Deutscher Schaustellerbund e.V.

die Berufsspitzenorganisation für das Schaustellergewerbe




DSB zu Gast im Ministerium für Arbeit, Gesundheit und Soziales des Landes Nordrhein-Westfalen: Personalmangel steht im Fokus

Das Thema des Arbeitskräftemangels war nicht das einzige, aber das drängendste, das auf der Tagesordnung des Gesprächs zwischen dem Deutschen Schaustellerbund mit dem nordrhein-westfälischen Minister für Arbeit, Gesundheit und Soziales des Landes Nordrhein-Westfalen Karl-Josef Laumann stand.

Da Drittstaatenregelungen mit der Ukraine oder den Staaten Nordafrikas nicht kurzfristig zu erwarten sind, liegt der Fokus neben den Arbeitskräften aus Rumänien und Bulgarien bei dem Arbeitskräftepotenzial, das im Inland besteht.

Hierzu hat die Bundesanstalt für Arbeit ein milliardenschweres Förderprogramm aufgelegt, über das sie gemeinsam mit dem DSB informiert (Weitere Informationen stehen im Mitgliederbereich des DSB zum Download).

Diese Maßnahme zur „Eingliederung von langzeitarbeitslosen Menschen auf dem allgemeinen Arbeitsmarkt“ sieht Lohnkostenzuschüsse bis zu 5 Jahren und bis zu 100 % (!) vor und war dann auch Thema des Gesprächs, an dem für den DSB Präsident Albert Ritter, der Zweite Vorsitzende der Arbeitsgemeinschaft der Schaustellerverbände in NRW (ARGE NRW), Johann Luxem und DSB-Hauptgeschäftsführer Frank Hakelberg, teilnahmen.

Arbeitsminister Laumann bot an, die Information über diese Fördermöglichkeiten zu intensivieren, indem Mitarbeiter der Regionaldirektion z.B. zu Beschickerversammlungen erscheinen und im direkten Gespräch Auskunft über mögliche Wege geben, Arbeitskräfte zu gewinnen.

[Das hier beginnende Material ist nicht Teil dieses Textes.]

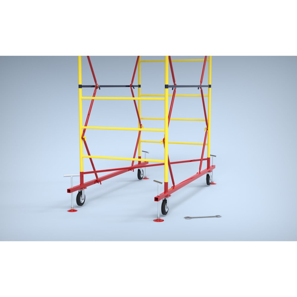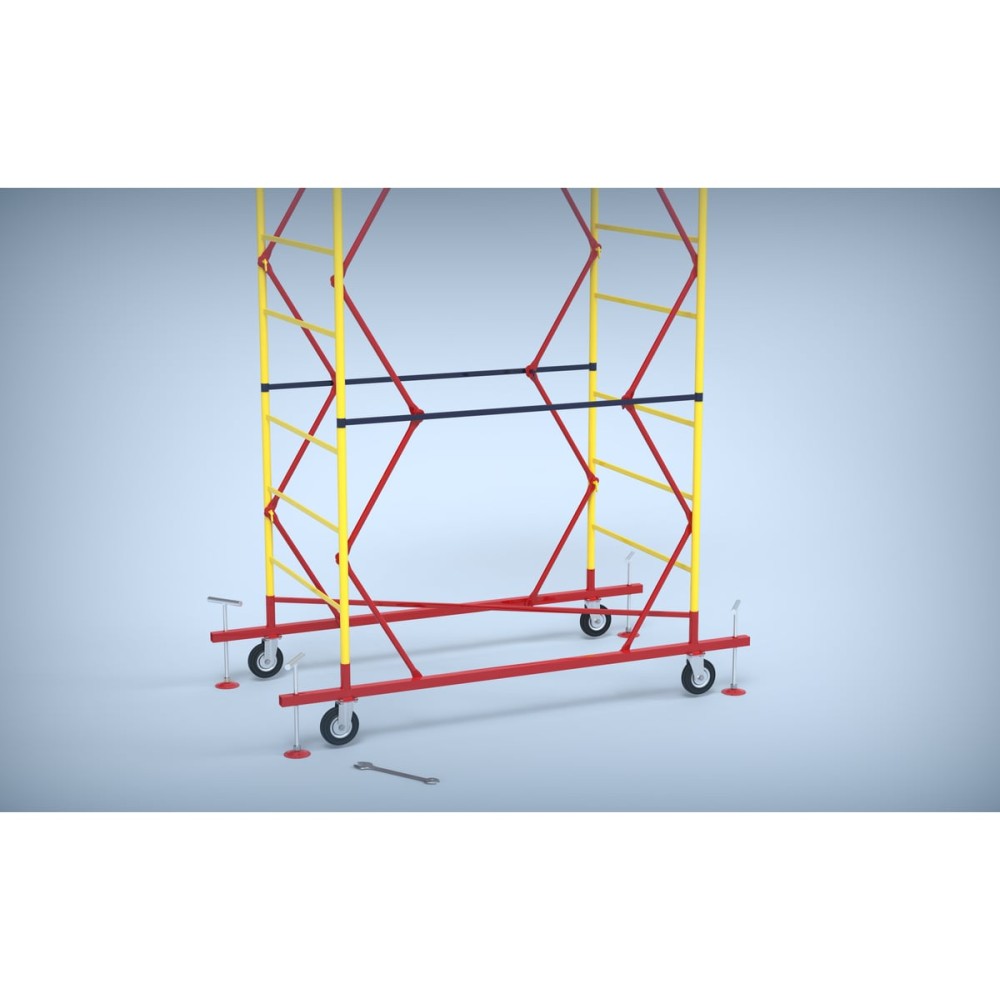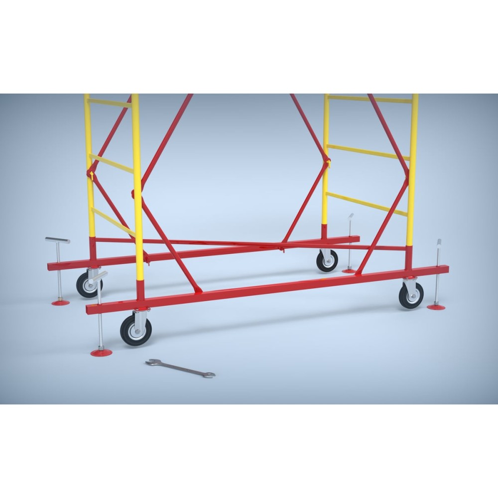 Транспортировочные колеса в комплекте предусмотрены для удобного перемещения вышки по строительной площадке.

Mit Interesse ließ sich der Minister berichten, dass die von der Arbeitsagentur anlässlich einiger großer Volksfeste vor Ort eingerichteten temporären Vermittlungsbüros Erfolge erzielen. Hier werden Aushilfskräfte für den Service, den Verkauf, aber auch für Auf- und Abbau vermittelt. Arbeitnehmer lernen dabei die Arbeit auf dem Volksfest kennen, Arbeitgeber können sich von der Einsatzbereitschaft der neuen Kräfte ein Bild machen. Nicht selten entstehen hieraus langfristige Arbeitsverhältnisse.

Minister Laumann erklärte sich anschließend bereit, zukünftig mehr solcher mobilen Vermittlungsstationen der Arbeitsagentur insbesondere auf mittleren und großen Volksfesten einzurichten.

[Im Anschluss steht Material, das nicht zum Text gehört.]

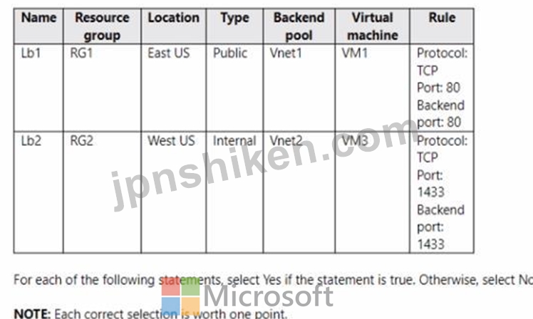質問89 LB1 という名前の内部基本 Azure ロード バランサーがあり、2 つ...

Diese Aktion soll auch als Beispiel für andere Bundesländer dienen.

Der DSB wird nun eine Liste hierfür besonders in Betracht kommender Feste an das Arbeitsministerium NRW leiten.

Auch das Arbeitszeitgesetz, das mit seinem starren 8-Stunden-Tag nicht mehr in die heutige Zeit – und erst recht nicht in den Alltag der Schausteller – passt, wurde diskutiert.

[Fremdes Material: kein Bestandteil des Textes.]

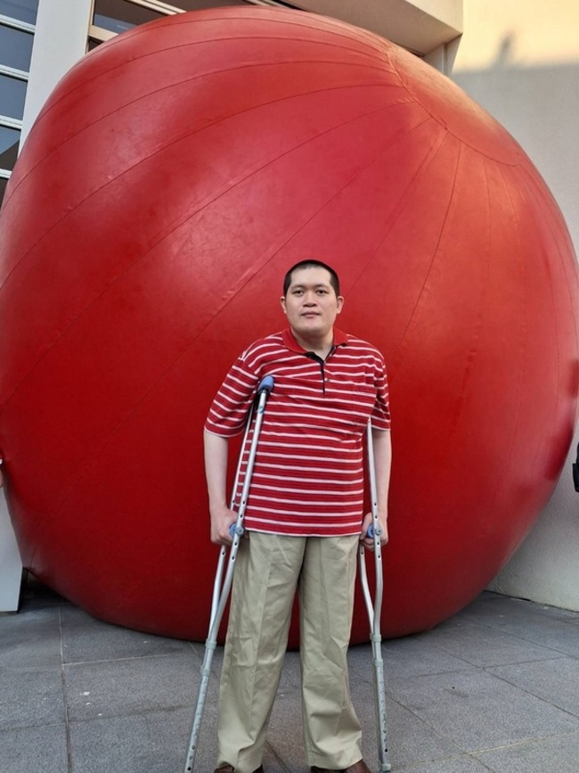 目前就讀台南大學數位學習科技學系博士班的詹博丞,因「點狀軟骨錯生症」視力和聽力持續退化,國中時又發生意外,從此不良於行。

Bei allem Respekt vor den Belangen des Arbeitsschutzes ist eine flexiblere Regelung, die mehr Rücksicht auf die betrieblichen Erfordernisse nimmt, dringend überfällig.

Im Schulterschluss mit dem DEHOGA fordert der DSB hier den Übergang von einer Tages- zu einer Wochenarbeitszeit, die dann insbesondere an den Wochenenden längere Dienste zulassen würde.